Blackjewel did not respond to a request for comment.
The insolvent company has yet to submit its operation reports for August and September to the bankruptcy court.
For its part, the Office of Surface Mining Reclamation and Enforcement affirmed the state’s response to the complaint and said it would not investigate the mines, according to the Sept. 23 letter.
“OSMRE finds that Wyoming has good cause for not taking enforcement action, because no violation exists,” the letter from the federal agency stated. “Because OSMRE has no reason to believe a violation exists, there is no need for OSMRE to conduct a federal inspection.”
But to Anderson, the lack of reporting and updated permits for the mines leaves the landowners, miners and regulators in a lurch and potentially threatens the safety of workers and the surrounding communities.
“We’re still evaluating our options and next steps going forward,” Anderson said in response to the letters. “But as far as we know, the company said these mines are idle, and that means that is cessation. You can’t have it both ways.

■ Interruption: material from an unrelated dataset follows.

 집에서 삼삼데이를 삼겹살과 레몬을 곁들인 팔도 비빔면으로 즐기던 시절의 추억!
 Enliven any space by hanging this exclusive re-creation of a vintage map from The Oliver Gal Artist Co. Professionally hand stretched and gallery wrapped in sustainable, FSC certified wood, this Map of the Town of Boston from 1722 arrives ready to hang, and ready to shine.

Either they’re idle and they are not producing, or they’re out of compliance.”
Where’s the coal going?
Even with the reported coal shipments coming from the Eagle Butte and Belle Ayr mines as the company slogs through bankruptcy court, the rate of production has significantly contracted.
In the third quarter of 2018, Blackjewel mines produced 17.1 million tons of coal, according to Mine Safety and Health Administration. If the current shipment rate of six to eight trains a week stayed constant for a year, Blackjewel would produce roughly 5.8 million tons of coal, about one-third of last year’s load.

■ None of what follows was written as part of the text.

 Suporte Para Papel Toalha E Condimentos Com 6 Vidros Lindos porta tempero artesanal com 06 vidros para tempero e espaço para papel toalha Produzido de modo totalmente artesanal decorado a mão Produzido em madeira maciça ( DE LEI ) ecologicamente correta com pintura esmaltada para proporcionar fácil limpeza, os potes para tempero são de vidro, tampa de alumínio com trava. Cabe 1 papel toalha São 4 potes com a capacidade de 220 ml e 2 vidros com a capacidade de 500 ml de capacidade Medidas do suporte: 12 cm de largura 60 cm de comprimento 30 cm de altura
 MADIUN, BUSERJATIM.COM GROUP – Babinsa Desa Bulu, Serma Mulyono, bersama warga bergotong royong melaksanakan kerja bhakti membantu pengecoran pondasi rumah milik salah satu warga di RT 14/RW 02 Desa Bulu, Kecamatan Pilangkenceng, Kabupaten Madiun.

According to 2017 data from the Energy Information Administration, the Belle Ayr and Eagle Butte mines had about 40 power plants as customers. The Star-Tribune contacted each of the mines’ major customers for comment. Several utility companies overseeing the power plants considered the transactions with Blackjewel commercially sensitive information and declined to comment. Others have revised their energy portfolios since the company filed for bankruptcy and halted full production.
Xcel Energy, which oversees the Comanche Power Plant, one of Belle Ayr mine’s top customers, and Pawnee Power Plant, a customer of Eagle Butte mine, has had to make adjustments since the closures. But it declined to provide details on sales conducted with Blackjewel since July 1.
“The Powder River Basin is the major supply area for coal, for both our Comanche and Pawnee generating stations in Colorado,” a spokeswoman for Xcel Energy said in a statement. “Xcel Energy has been monitoring the issues with Blackjewel and had already adjusted for limited production from this supplier and have found other suppliers to keep up with our demand. We will not have further comment, and we do not disclose individual contractual information concerning our coal suppliers.”
NRG Energy owns the Limestone Generating Station in Texas and WA Parish Generating Station in Texas along with other power plants fed with Blackjewel coal. The company said it has had to adjust since the unexpected closures.
“While we don’t talk about strategies and specifics of the company’s sales, we have a very diversified portfolio and, to be honest, if somebody decreases (production), someone else’s supply to us will increase,” a spokesman for NRG Energy said. “We are continuing to get the (Powder River Basin) coal for our plants.”